IAC hosts a number of events to fundraising purposes with the most notable being the Broad Ripple Art Fair. Major indoor events and lectures take place at the facilities Frank M. Basile Auditorium. IAC's summer gala fundraiser is ArtSparkle, which hosts upwards of 400 people, benefiting the center's educational programming. Film series are also part of event programming, taking place within the Basile Auditorium. In 2008 the IAC hosted the Klipsch Chinese Film Festival.

===Broad Ripple Art Fair===

Every year the IAC hosts over 22,000 visitors for the Broad Ripple Art Fair. Started in 1971, the first "art fair" was held in a private home, then the streets of Broad Ripple; the IAC directly benefits from the admission fee paid by guests.
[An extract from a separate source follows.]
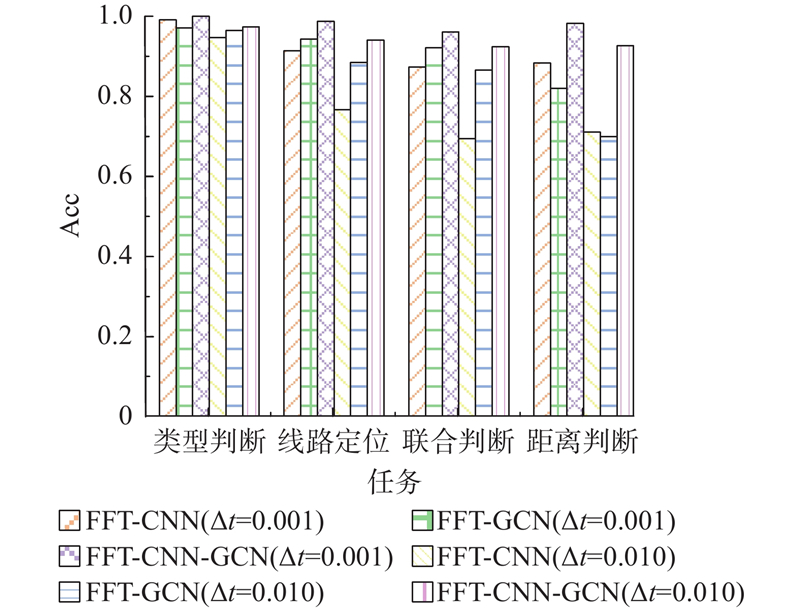 比较多模块组合模型在不同任务上的性能,参与模型包括FFT-CNN、FFT-GCN、FFT-CNN-GCN、CNN、GCN和CNN-GCN. 如图6所示,FFT-CNN和FFT-GCN的Acc比未使用FFT的CNN和GCN模型的高,FFT-CNN-GCN的Acc比未使用FFT的融合网络模型CNN-GCN的高,这说明加入FFT后的模型在频域特征的提取上表现更佳. 在故障类型判断任务中,所提模型的Acc=0.998 4,优于其他模型. 对于故障线路定位任务,所提模型同样表现出色,Acc=0.985 3. 在故障类型判断和线路定位的联合判断任务中,所提模型的Acc=0.959 2,证明了该模型在综合特征提取方面的强大能力. 在故障距离判断任务中,所提模型的Acc=0.980 4,高于其他模型组合. 本研究所提模型综合利用FFT和深度学习技术,在参与对比的模型中综合性能最佳,进一步验证了该模型在提升模型精度和鲁棒性方面的有效性.

The festival features over 225 juried artists and craftspeople from the United States and Canada, live music, children's activities and food.

===Day of the Dead===
From 2000 to 2012, the Art Center marked the annual Day of the Dead (also known as All Saints Day) on November 1 to celebrate the growing Latino ethnic population in Indianapolis. Through bringing people of different backgrounds together, the Art Center seeks to share the historical, artistic and cultural experiences of the holiday to the city. A major exhibition of altars and shrines took place, Latino artists are exhibited, and workshops and a celebration are featured. After hosting the 2011 exhibition, the Indianapolis Art Center turned the festivities over the Indiana State Museum.